Even a better-than-expected report on U.S. jobs wasn’t enough to pull markets from the undertow. It’s usually the most anticipated piece of economic data each month, but investors looked past February’s solid hiring numbers because they came from before the new coronavirus was spreading quickly across the country.

Fear coursed across borders and across markets. The lowlight was another plunge in the yield on the 10-year Treasury. Yields fall when investors are worried about a weaker economy and inflation ahead, and the 10-year yield touched 0.70% in Friday morning trading. Earlier this week, it had never in history been below 1%. It was 1.90% at the start of the year, before the virus fears took off.

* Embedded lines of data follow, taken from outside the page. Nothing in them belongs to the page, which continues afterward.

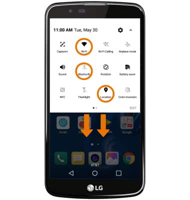 - TURN OFF BLUETOOTH, WI-FI & LOCATION SERVICES: Swipe down from the Notification bar with two fingers, then select the desired icon.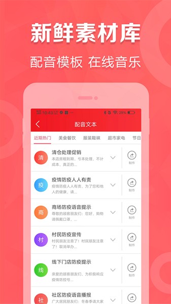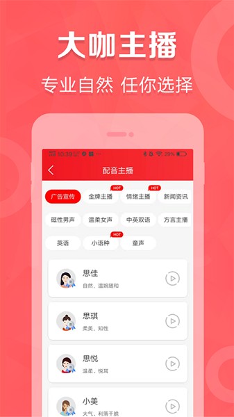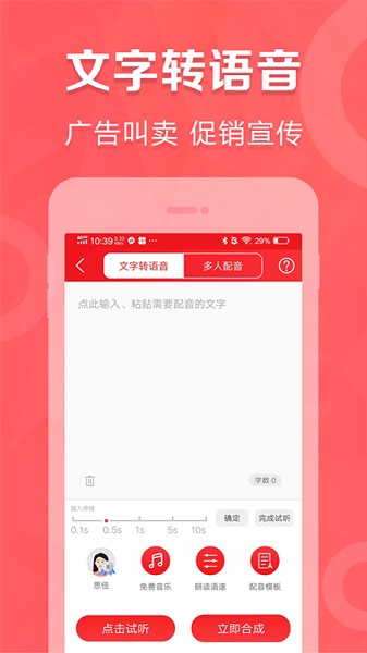 叫卖广告录音app为大家带来了非常智能的文字转语音工具,拥有超多的声音可以进行选择,无论是模拟单人配音还是多人配音都行的,能够根据自己的需求添加喜欢的背景音乐,还可以进行纯净的录音了,之后导出文件到本地自由使用。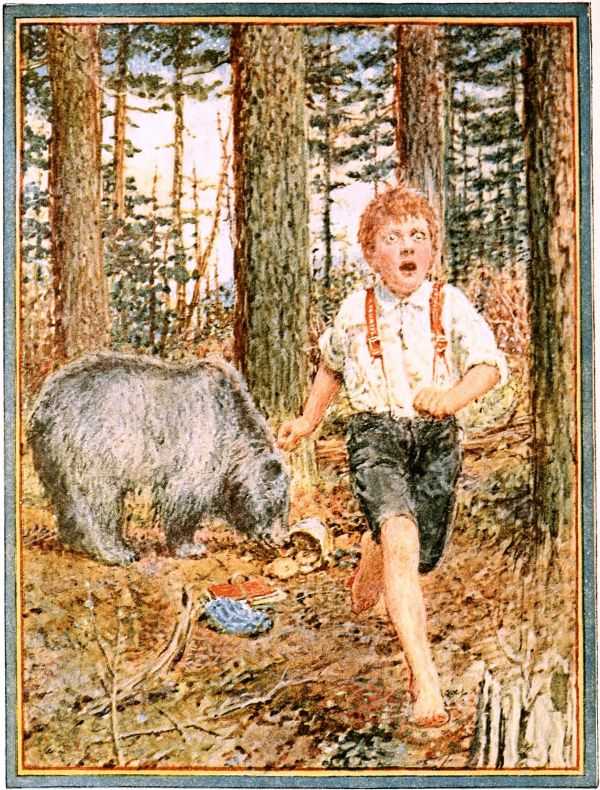 Buddy Jim's basket was almost full of the fragrant Fir tips, and he was just going to whistle for Old Dog Sandy, to come home with him, when there was a dreadful commotion from [Pg 17] inside of the Fir thicket. It was Old Dog Sandy barking for all he was worth, in a way that Buddy knew meant, "Come here, quickly, and see what I've found!"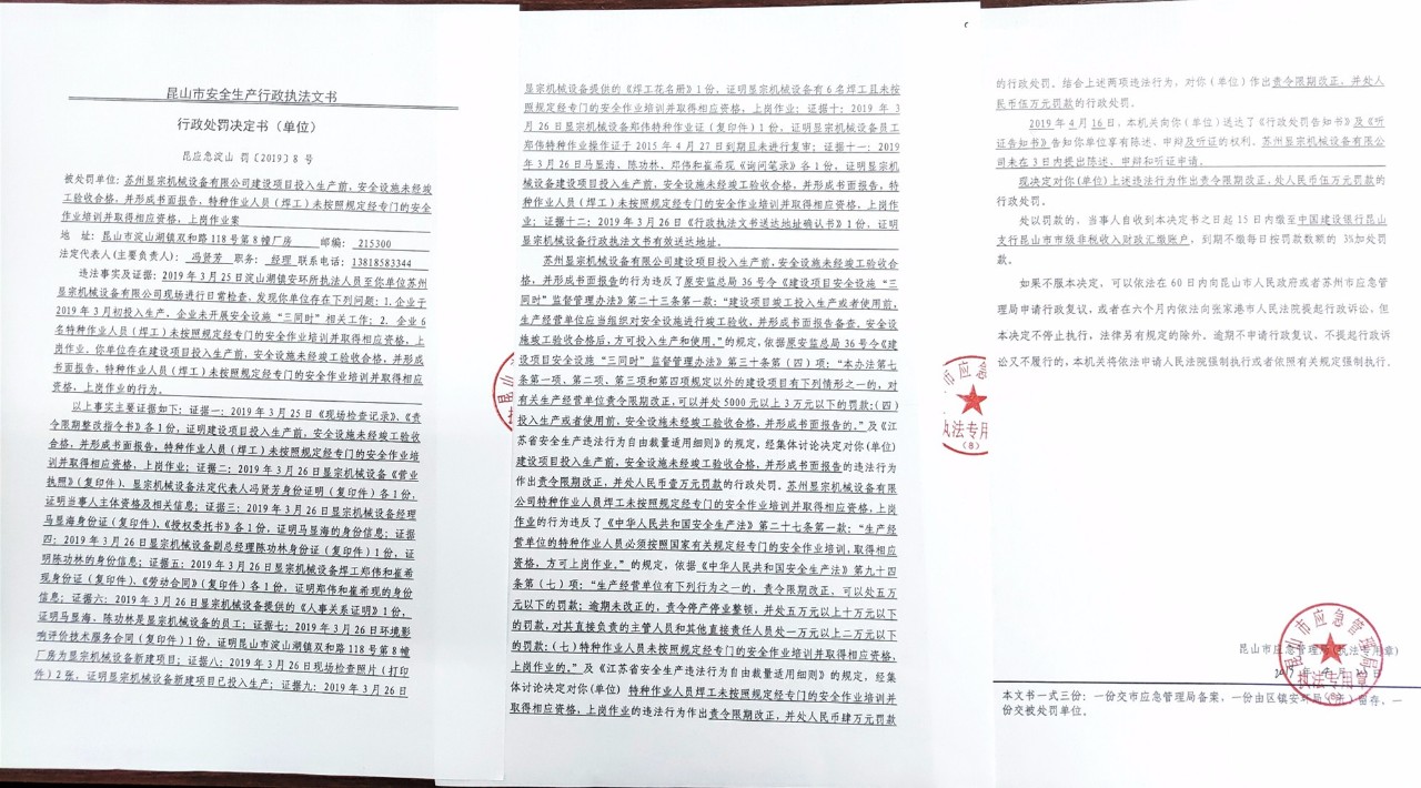 淀山湖镇安环所执法人员(以下简称“执法人员”)于2019年3月25日至显宗机械设备进行现场检查。检查当日,执法人员发现:1、显宗机械设备新建项目共计1台激光切割机、1台数控冲床、2台折弯机、2台剪板机和10台左右焊机,总投资金额为300万元,该新建项目有设置相关安全设施,但在该新建项目于2019年3月初投入生产之后,这些安全设施并没有进行竣工验收;2. 企业6名特种作业人员(焊工)未按照规定经专门的安全作业培训并取得相应资格,上岗作业。针对上述情况,执法人员立即开具了《责令限期整改指令书》,责令企业限期整改。

“The bond market says the monster under the bed is much bigger and scarier than anyone expects right now,” said Ryan Detrick, senior market strategist at LPL Financial.

U.S. stock indexes slumped another 3% in the first minutes of trading, following 4% losses for Europe and 2% losses for Asia. Crude oil lost more than 4% in part on worries that an economy weakened by the virus will burn less fuel. A measure of fear in the U.S. stock market surged 22%

At the heart of the drops is the fear of the unknown. This is a new virus, and health experts aren’t sure how far it will spread and how much damage it will ultimately do. The number of infections is nearing 100,000 worldwide, people around the world are cancelling travel plans and businesses are reporting hits to revenue. An interconnected global economy also means many U.S. companies depend on suppliers in countries spread around the world, which raises the risk of business interruptions as the virus and potential quarantines spread.

Not knowing how bad this crisis can ultimately get, some investors are reacting by simply selling. And many experts say they expect such sharp swings in the market to continue as long as the number of new cases accelerates.

The S&P 500 was down 3% as of 9:47 a.m. Eastern time. It has been a particularly tumultuous week, and every day has seen a swing of more than 2%. On Monday, it was up 4.6%, then down 2.8%, up 4.2% and down 3.4%.

If Friday’s moves hold, this will be the first time the S&P 500 has swung more than 2% in either direction over five straight days since December 2008. That was during the depths of the financial crisis, when investors worried that the world’s financial system may melt down.

The Dow Jones Industrial Average lost 753 points, or 2.9%, to 25,368, and the Nasdaq fell 2.7%.

The S&P 500 had set a record high just two weeks ago, on Feb. 19. It’s lost 13% since then.

The yield on the 10-year Treasury fell to 0.71% from 0.92% late Thursday. The two-year yield fell to 0.44% from 0.62%, and the 30-year yield fell to 1.26% from 1.57%.